- Born: 23 May 1951 (age 74) London, England
- Area: Artist
- Awards: Inkpot Award (1988)

= John Bolton (illustrator) =

British comic book artist and illustrator (born 1951)

John Bolton (born 23 May 1951) is a British comic book artist and illustrator most known for his dense, painted style, which often verges on photorealism. He was one of the first British artists to come to work in the American comics industry, a phenomenon which took root in the late 1980s and has since become standard practice.

==Biography==
Born 23 May 1951 in London, England, Bolton's introduction to comics came about quite casually after he graduated from East Ham Technical College (whose former alumni include Gerald Scarfe, Barry Windsor-Smith and Ralph Steadman) with a degree in graphics and design.

His first works in Great Britain were for magazines like Look In (alongside other British talents such as Arthur Ranson, Angus P. Allan and Jim Baikie), The House of Hammer, and Warrior (edited by Dez Skinn).

In 1981 Marvel Comics' editor Ralph Macchio noticed his work and called him to work for an adaptation of Kull of Valusia for Bizarre Adventures #26 (May 1981). After illustrating two Kull stories, Bolton began working on the historical-fantasy character Marada, written by Chris Claremont (author of X-Men).

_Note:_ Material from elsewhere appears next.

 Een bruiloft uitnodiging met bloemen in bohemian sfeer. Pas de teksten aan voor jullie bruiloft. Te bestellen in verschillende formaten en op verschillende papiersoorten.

This was published in Epic Illustrated in black-and-white, and then coloured as a Marvel Graphic Novel.

After another fantasy series, Black Dragon (1985), the duo Claremont & Bolton produced some short stories about X-Men's lives for X-Men Classic. This represented the first introduction of Bolton to the world of superheroes. In this period Bolton worked on covers for Eclipse and Pacific publishers, and on the graphic novel Someplace Strange, written by Ann Nocenti (1988).

===Horror===
From 1989 Bolton devoted himself to horror, his favourite genre. Apart from a great number of covers for Dark Horse Comics and adaptations of horror movies, the main work of this period is his collaboration with writer Clive Barker including the Hellraiser comic book version.

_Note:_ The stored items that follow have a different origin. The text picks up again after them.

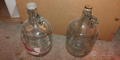 Damigiane in vetro da 5litri con relativo tappo. Buona soluzione per chi deve conservare olio o vino. Prezzo 15 euro totali li vendo in coppia
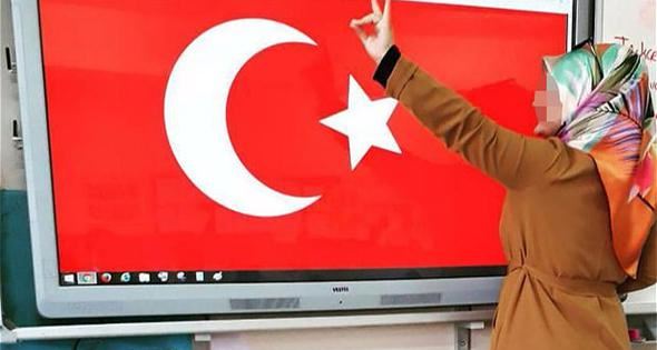 Sınıfta öğretmenin bozkurt işaretine inceleme
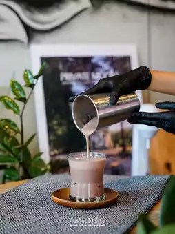 🍫 We chose chocolate from Chumphon. You can order it hot or cold. The scent is buttery, slightly sweet, a little creamy, and smells like fruit jam. Overall, I feel that it is not like your typical chocolate drink. I recommend you to try it.

In 1990 Bolton worked on the first issue of The Books of Magic for DC Comics, written by Neil Gaiman. The physical appearance of the protagonist, Timothy Hunter, is that of Bolton's eldest son. In other comic books he has also portrayed his wife and sons.

In 1995 Bolton painted the Man-Bat mini-series, written by Jamie Delano for DC Comics. Bolton said he accepted only because the story pivoted on a villain, instead of Batman, who he considered too winning a character.

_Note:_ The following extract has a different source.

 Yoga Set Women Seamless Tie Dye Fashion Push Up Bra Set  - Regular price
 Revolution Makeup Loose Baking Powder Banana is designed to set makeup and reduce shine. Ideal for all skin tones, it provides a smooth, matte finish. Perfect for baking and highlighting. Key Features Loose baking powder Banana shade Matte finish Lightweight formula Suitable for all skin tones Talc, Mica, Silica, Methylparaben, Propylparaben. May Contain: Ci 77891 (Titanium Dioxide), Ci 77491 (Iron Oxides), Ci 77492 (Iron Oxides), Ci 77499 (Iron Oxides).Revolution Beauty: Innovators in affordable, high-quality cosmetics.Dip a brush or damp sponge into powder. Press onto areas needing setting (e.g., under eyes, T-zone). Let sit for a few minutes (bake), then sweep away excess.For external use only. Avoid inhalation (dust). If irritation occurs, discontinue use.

Later Bolton worked on another Batman book, Batman/Joker: Switch. His latest works include User, written by Devin Grayson, Menz Insana, a mad trip by Christopher Fowler, and Gifts of the Night by Paul Chadwick.

== In other media ==
In 2003, author Neil Gaiman directed A Short Film About John Bolton where the painter (played by John O'Mahony) is interviewed by a reporter seeking to answer "Where do your ideas come from?" The artist is portrayed as very soft-spoken and reclusive, somewhat of a reluctant local celebrity in Crouch End, London. Bolton himself plays a guest interviewed at a gallery showing.

==Awards==
Bolton received an Inkpot Award in 1988. He won an Eisner Award for Best Painter/Digital Artist in 1996.

==Bibliography==
Comics work includes:
- Father Shandor (with Steve Moore, in House of Hammer appearing in issues #8, 16, 21, and 24 and later reprinted in Warrior #1-3
- The Spiral Path (with Steve Parkhouse, in Warrior, 1982)
- Army of Darkness (script and art with Sam Raimi and Ivan Raimi, Dark Horse Comics, three-issue mini-series, 1992–1993)
- Batman: Manbat (with Jamie Delano, three issue mini-series, DC Comics Elseworlds, 1995)
- God Save the Queen (with Mike Carey, graphic novel, 96 pages, Vertigo, June 2007, ISBN 1-4012-0303-5)
- The Evil Dead (art, with writer Mark Verheiden, four-issue mini-series, Dark Horse Comics, 2008)
- Shame (art with writer Lovern Kindzierski, trilogy, Renegade Arts Entertainment, Conception 2011, Pursuit 2013, Redemption 2015)

Bolton has illustrated cards for collectible card games like the Magic: The Gathering and Vampire: The Eternal Struggle.